Overview
RAPTOR integrates AFL++ for intelligent binary fuzzing with automatic crash collection, ranking by exploitability, and autonomous crash analysis powered by LLMs.
Architecture
packages/fuzzing/
├── afl_runner.py # AFL++ orchestration
├── crash_collector.py # Crash deduplication & ranking
├── corpus_manager.py # Seed corpus generation
└── __init__.py
raptor_fuzzing.py # Main fuzzing workflow
AFL++ Runner
Basic Fuzzing Campaign
Launch a fuzzing campaign:
from packages.fuzzing import AFLRunner
runner = AFLRunner(
binary_path=Path("/path/to/binary"),
corpus_dir=Path("/path/to/seeds"),
output_dir=Path("out/fuzz_output")
)
num_crashes, crashes_dir = runner.run_fuzzing(
duration=3600, # 1 hour
parallel_jobs=4, # 4 AFL instances
timeout_ms=1000 # 1 second per execution
)
Stdin mode (default):
runner = AFLRunner(binary_path, input_mode="stdin")
# AFL pipes input to binary's stdin
File mode (uses @@ placeholder):
runner = AFLRunner(binary_path, input_mode="file")
# AFL replaces @@ with input file path
# Binary must read from file: ./binary @@
Instrumentation Detection
AFL++ works best with instrumented binaries:
is_instrumented = runner.check_binary_instrumentation()
if not is_instrumented:
# Falls back to QEMU mode (slower)
logger.warning("Using QEMU mode for non-instrumented binary")
Recompilation Guide
For optimal results, recompile with AFL instrumentation:
# C/C++ with AFL-clang
AFL_CC=afl-clang \
AFL_CXX=afl-clang++ \
CC=afl-clang \
CXX=afl-clang++ \
CFLAGS='-fsanitize=address -fsanitize=undefined' \
CXXFLAGS='-fsanitize=address -fsanitize=undefined' \
make clean && make
# Rust with AFL
RUSTFLAGS='-fsanitize=address' cargo build --release
Sanitizer Detection
Check if binary has sanitizers enabled:
has_sanitizers = runner.check_binary_sanitizers()
if has_sanitizers:
# ASAN/UBSAN will catch more bugs
logger.info("Binary compiled with sanitizers")
else:
logger.warning("Consider recompiling with -fsanitize=address")
Parallel Fuzzing
Worker Configuration
AFL++ supports parallel fuzzing with multiple instances:
runner.run_fuzzing(
duration=3600,
parallel_jobs=8, # 8 parallel fuzzers
timeout_ms=1000
)
Main + Secondary Architecture
RAPTOR automatically configures the AFL hierarchy:
out/afl_output/
├── main/ # Main instance (deterministic)
│ ├── crashes/
│ ├── queue/
│ └── fuzzer_stats
├── secondary1/ # Secondary (random)
├── secondary2/
└── secondary3/
AFL++ statistics are logged during fuzzing:
stats = runner.get_stats()
print(f"Executions/sec: {stats['execs_per_sec']}")
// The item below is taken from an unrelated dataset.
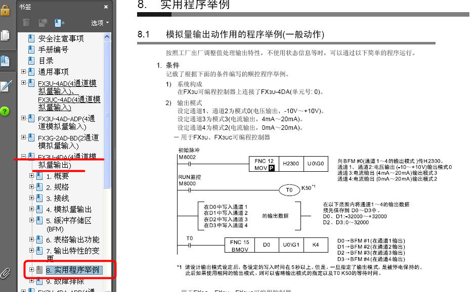 公司里用的是FX3U-16MT(基本單元)和FX3U-4AD-ADP(模擬量輸入模塊)、FX3U-4DA-ADP(模擬量輸出模塊)

print(f"Total execs: {stats['execs_done']}")
print(f"Paths found: {stats['paths_found']}")
print(f"Stability: {stats['stability']}%")
print(f"Coverage: {stats['bitmap_cvg']}%")
Crash Collection
Automatic Collection
Crashes are automatically collected and deduplicated:
from packages.fuzzing import CrashCollector
collector = CrashCollector(crashes_dir)
crashes = collector.collect_crashes(max_crashes=50)
print(f"Collected {len(crashes)} unique crashes")
Crash Data Structure
@dataclass
class Crash:
crash_id: str # AFL crash ID
input_file: Path # Path to crash input
signal: Optional[str] # Signal number (06, 11, etc.)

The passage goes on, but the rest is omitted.